- Insignia of 9th Infantry Division
- Active: 19 September 2013 - present
- Country: Bangladesh
- Allegiance: Bangladesh
- Branch: Bangladesh Army
- Type: Mixed Arms
- Size: Brigade
- Part of: 9th Infantry Division
- Garrison/HQ: Padma Cantonment

Commanders
- Current commander: Classified
- Notable commanders: Brig Gen Humayun Kabir; Brig Gen Shakil Ahmed; Brig Gen Hamidul Haque;

= 99th Composite Brigade =

The 99th Composite Brigade (৯৯তম কম্পোজিট ব্রিগেড) is a brigade formation of the Bangladesh Army. It was raised per the project "Establishment of 99 Composite Brigade for Safety and Security of Padma Multipurpose Bridge" and army development project "Forces Goal 2030".

== History ==
On 19 September 2013, PM Sheikh Hasina raised the flag of newly established 99 Composite Brigade at Army Aviation Hangar.

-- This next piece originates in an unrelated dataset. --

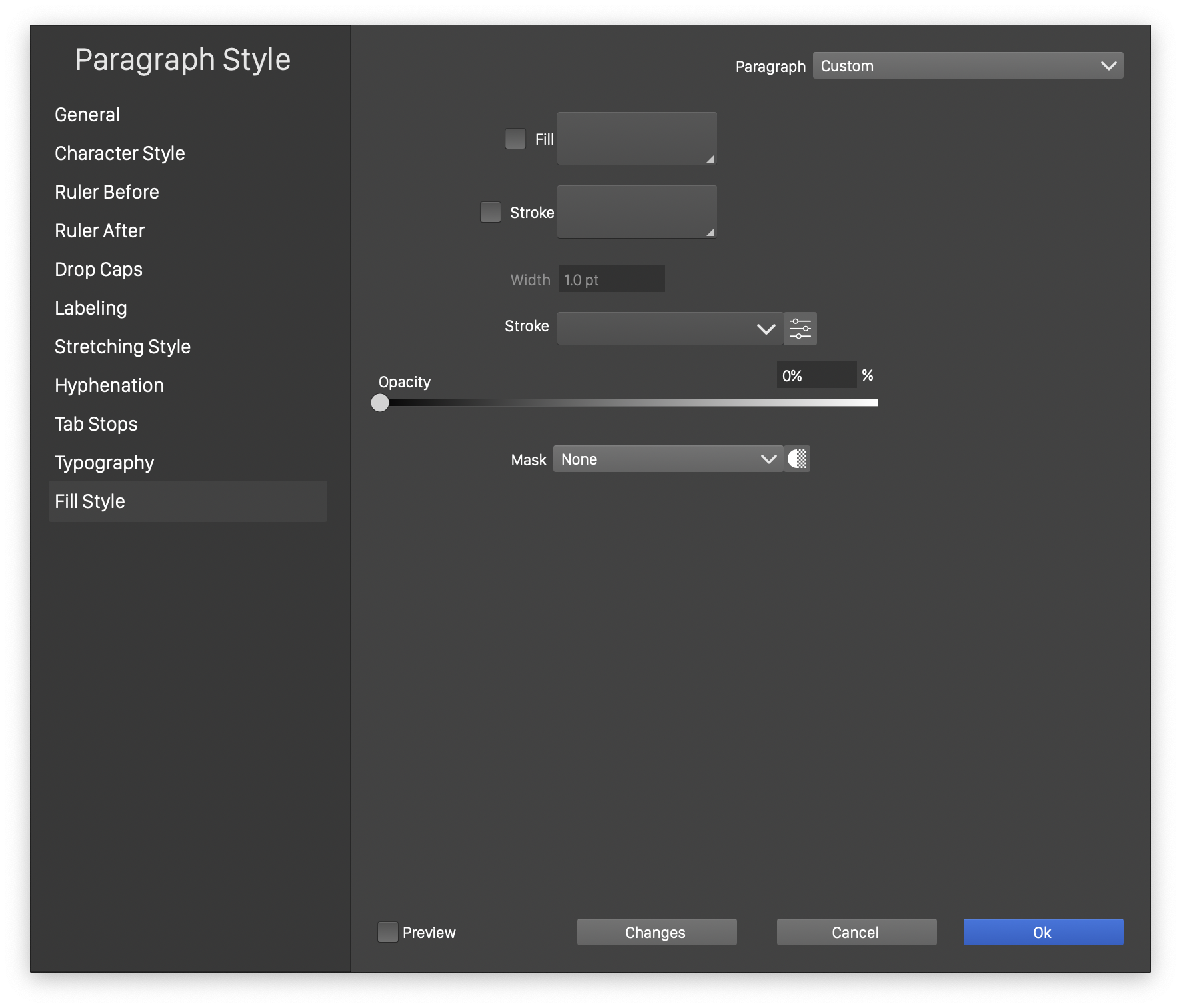 The Fill Style section of the Paragraph Style view.

The flag raising of 58 East Bengal, 34 BIR and 20 Engineering Construction Battalion were hoisted on the same day.

The unit would need around 600mn taka ($7.5mn) annually which will be allocated from the funds of the army.

In 2014, army sought 326-acre land & Tk 17,740 million over four years to build the security installations for the bridge on both sides of the mega infrastructure.

ECNEC approved the project named "Establishment of 99 Composite Brigade for Safety and Security of Padma Multipurpose Bridge" on 115 acres of land on both the sides involving Taka 7,500 million on 13 October 2015 .

== Functions ==
- Implementation of the Padma Bridge project.
- Maintain security of the Padma Bridge.
- Oversee construction of the Padma bridge.
- Check for corruption.
- Discourage graft mongering firms and their officials.

== Formation ==
The 99 Composite Brigade comprises one Engineering Construction Battalion and two infantry battalions and an air defence artillery regiment. Soldiers and officers of the brigade were drawn from other units of the army.